Summer Plans:

What do teachers do when their students are away?

Summer Plans:

Sam Mitchell, Correspondent

When asked, students give a myriad of responses to the question, “What do teachers do over the summer?” Some students believe that teachers are “locked in supply closets.” Others think that they stay around and plot evil for their students. I interviewed a few teachers here at Nashoba to get a better idea of how teachers actually spend their free time.

Ms. Snediker, from the history department, said that she “plan[s] to soak up lots of sun at the beach…and to relax and enjoy my free time. There are no plans to create more torture for my students next fall.” That’s certainly reassuring!

Next, Mrs. Hoover, an English teacher here at Nashoba, told me some more reassuring news. “Catch up on sleep, spend quality time with [my] family, many of us [teachers] take classes ourselves…. I do a lot of reading. This year I’m going to do a lot of travelling with my husband….. closer to the end of the summer I start planning for next year.” Although she does plan on doing some planning, I am confident that she will not devise anything too sinister.
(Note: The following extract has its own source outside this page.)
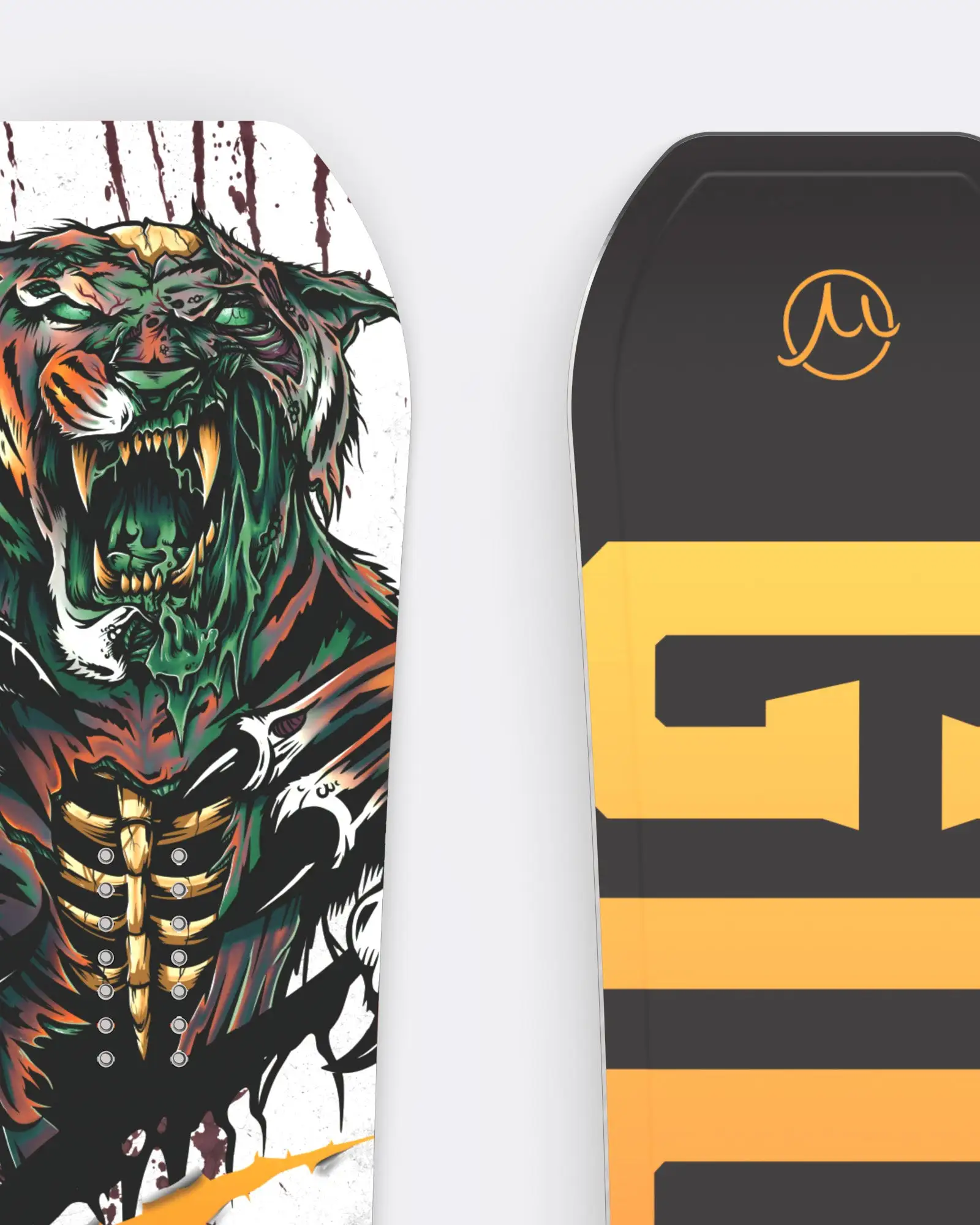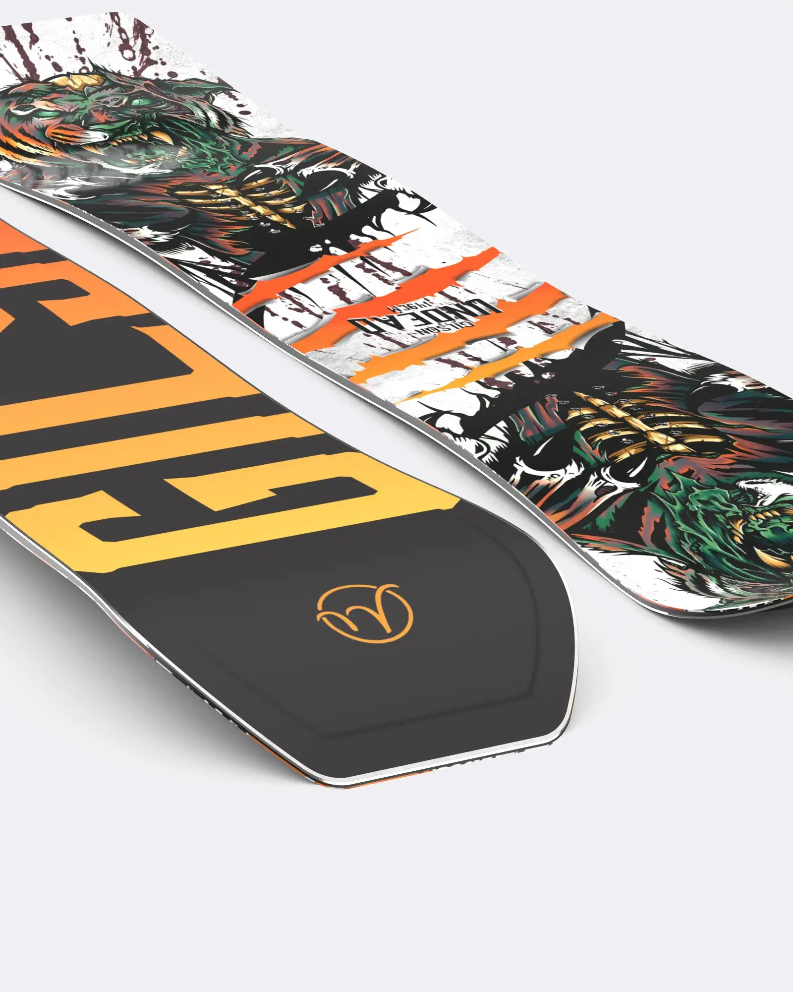 The Tiger Undead is alive with ferocity, featuring a graphic that unleashes raw power with every run. This board’s snarling, skeletal tiger captures the untamed spirit of riders who crave attention in the lift line and domination on the mountain. Paired with GILSON's best selling Freestyle Hybrid Camber design, it delivers smooth control, pop, and playful versatility for park laps or all mountain charging. Let the animal out.

I wasn’t so confident that I would find the same reassurances in the science department; fortunately, Mr. Tollefson was able to assuage my fears. “Some stuff deals with fixing up the house,” said Mr. Tollefson. “Also, [I] plan on going hiking in the white mountains, the Berkshires, over the summer….. Possibly take a trip to the Midwest.”

The math department also provided a cheery smile and a surprising lack of evil. Although Ms. Egan told me that plotting evil “sounded like fun” she also said that “its not anywhere near what I usually do.” She “usually works and lifeguards. This summer…[she] has … a week long seminar full of courses.”

Finally, Mrs. O’Donnell assured me that even at the upper levels of administration, no evil is plotted. “I’m going to Nova Scotia. then I have a lot of work priorities. I’m taking an English language immersion class to help support ELL learners.” The lesson to be learned from all of this is that teachers are, in reality, people too.